Ni de aquí, ni de allí


Por Rodrigo Labanca



El hambre, la desesperanza y la angustia, obligaron a los venezolanos a dejar su propia tierra para ir en búsqueda de nuevos horizontes.

Dejen de lavar pocetas (inodoros) en otros países. Les digo a los venezolanos que quieran regresar del esclavismo económico: dejen de lavar pocetas en el exterior y vengan a vivir la patria", fue la invitación del presidente de Venezuela, Nicolás Maduro, a sus compatriotas que migraron hacia otras ciudades del mundo por la crisis económica que atraviesa su país. “Venezuela es país de las oportunidades", añadió el mandatario.

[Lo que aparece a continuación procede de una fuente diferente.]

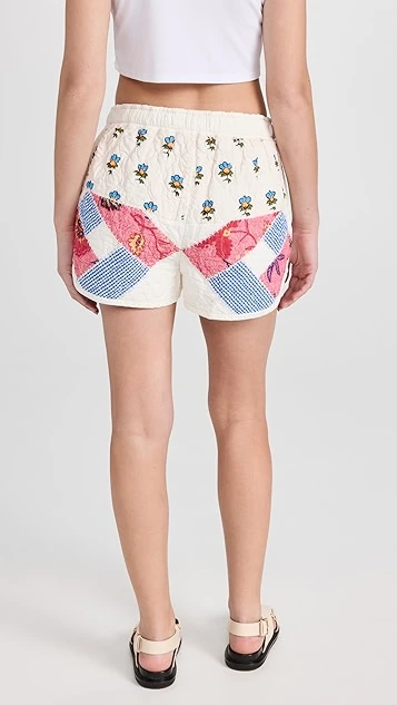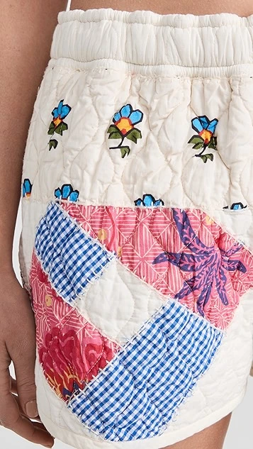 - Patchwork design with blanket stitch trim

Sin embargo, a pesar de las declaraciones del líder revolucionario, más de 4 millones de caribeños decidieron abandonar su tierra, en busca de mejores oportunidades. Este número representa más del 15% de la población. —Emigrar, una palabra tan corta y que engloba tanto. Hoy, se ha convertido en mi día a día. Desde algunos meses soy emigrante. Cambiar tu vida para siempre y mantenerte alejado de tus seres amados, quién sabe por cuánto tiempo. Me preguntan por qué estoy aquí y, sin siquiera darme tiempo a responder, me dicen: "ah, cierto que en Venezuela no se consigue comida” -dice Reinaldo Sáez, uno de los miles de exiliados. Esta afirmación, como la de muchos otros refugiados, se contrapone a las de Maduro. En los más de 900 mil kilómetros cuadrados de territorio venezolano conviven realidades totalmente opuestas. Buenos Aires, con más de 25.445 radicaciones en el 2018 supera el flujo histórico; Colombia, con más de 100 mil y Panamá, con más de 80 mil, son otros de los destinos elegidos para para refugiarse. A diferencia de otras olas migratorias que recibió Argentina,  en esta oportunidad más del 67% de los venezolanos son profesionales. De poco les sirve ser ingenieros, abogados, contadores y administradores de empresas, porque  tienen que ganarse la vida, empezar desde cero una vez más. La mayoría de los venezolanos que llegan al país, con un promedio de 22 a 30 años, provienen de una clase media acomodada con algunos ahorros en sus bolsillos, pero sólo consiguen trabajos en comercios. Rappi y Glovo son dos empresas de delivery digital que los ayudan para que den sus primeros pasos. Por otro lado, Caracas Bar, lugar de copas y baile, es uno de los pocos emprendimientos que  llevó a cabo un venezolano y con el cual le da trabajo a sus compatriotas.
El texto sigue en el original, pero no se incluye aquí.